And it's literally impossible to even imagine all of the ramifications of
creating a sustainable civilization on Mars. Being able to manage, and ideally
control, atmospheric conditions is just scratching the surface. For instance
it would signal the beginning of the end of scarcity since suddenly we now
have effectively infinite land open up to colonization (as success on Mars
would not be the end of planetary colonization efforts, but the beginning),
infinite resources, and so much more. Again I think trying to imagine the
implications of this is akin to trying to imagine the implications of
computers - it's simply not possible in any meaningful way.

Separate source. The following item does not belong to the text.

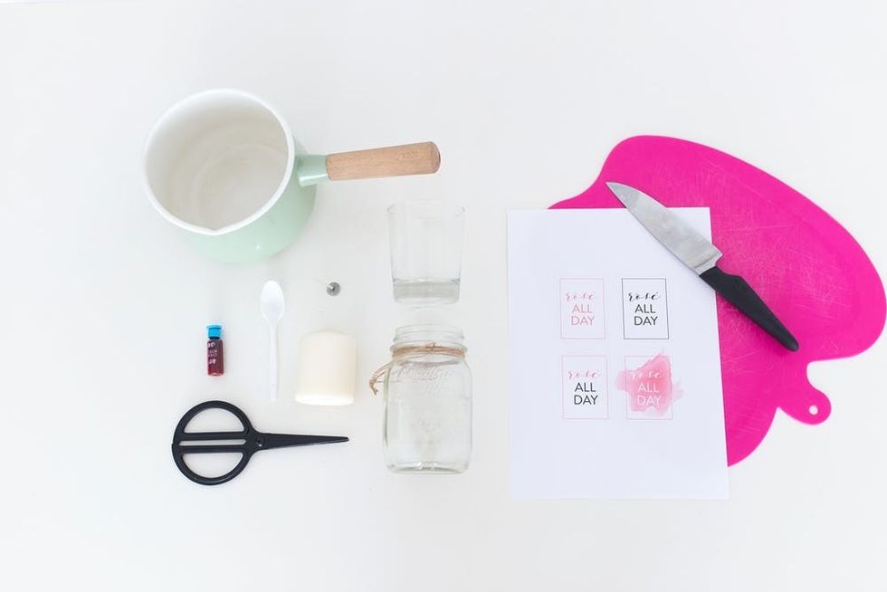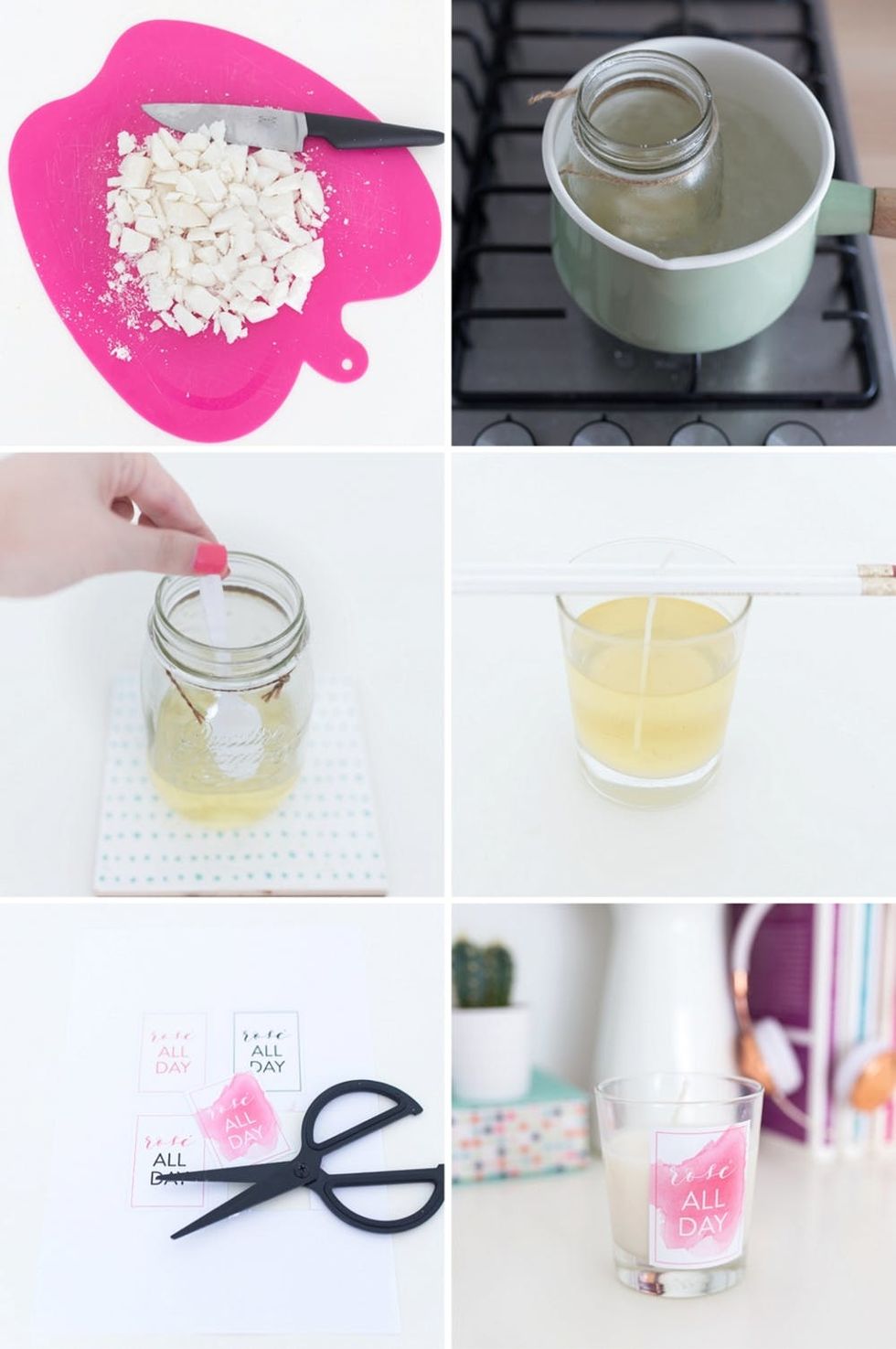 First use your knife to cut your unscented candle to create small pieces that are easier to melt. Then set up a double boiler system on your stove top and melt the candle. Remove the wax from the heat and add your fragrance oils. I’ve tried to recreate the rosé scent using two drops of rose oil, two drops of blonde woods, and one single drop of white musk. Stir and pour the wax into the glass, allow the wax to sit for 30 seconds, and then drop in the wick. I used a chopstick to help push the tab down to the base of the container and center it, then placed two pencils as shown above to be sure the wick didn’t move. Once the candle solidifies, download, print and cut your fave label. Then glue it and you’re done!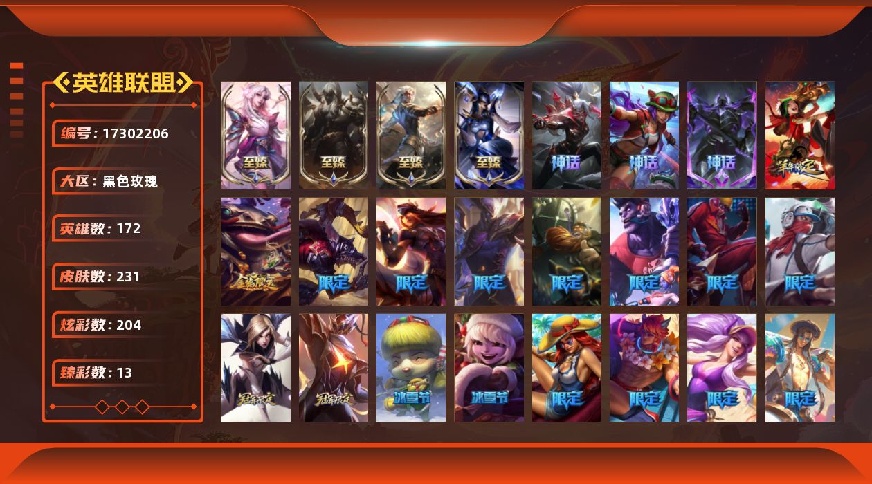 [17302206]未定级段位-172英雄-231皮肤-204炫彩-0终极-9神话-25限定-20传说-36史诗

But the great thing is that we live in a free society. So everybody is free to
pursue their own vision. Plant a tree, build a spaceship, work on carbon
scrubbing, or whatever else you personally think is a good idea. This is
perhaps the one very good thing about the rise of mega-wealth. At one time
you'd need governments to build and develop spaceships - governments whose
ideology, views, and values tend to take a 180 every decade, if not less. For
instance Nixon killed the space program in no small part because of a personal
animosity he had with JFK, one that his death apparently did little to sate.
And in modern times government space ships like the SLS are 90% pork barrel
and 10% real. Yet now in an era where many private companies revenues exceeds
the GDP of small nations (and accords corresponding private wealth), space is
just becoming another industry.

[1] -
[https://en.wikipedia.org/wiki/ENIAC](https://en.wikipedia.org/wiki/ENIAC)

------
scarejunba
Article has very little to do with title. The title is clearly intended to be
clickbait.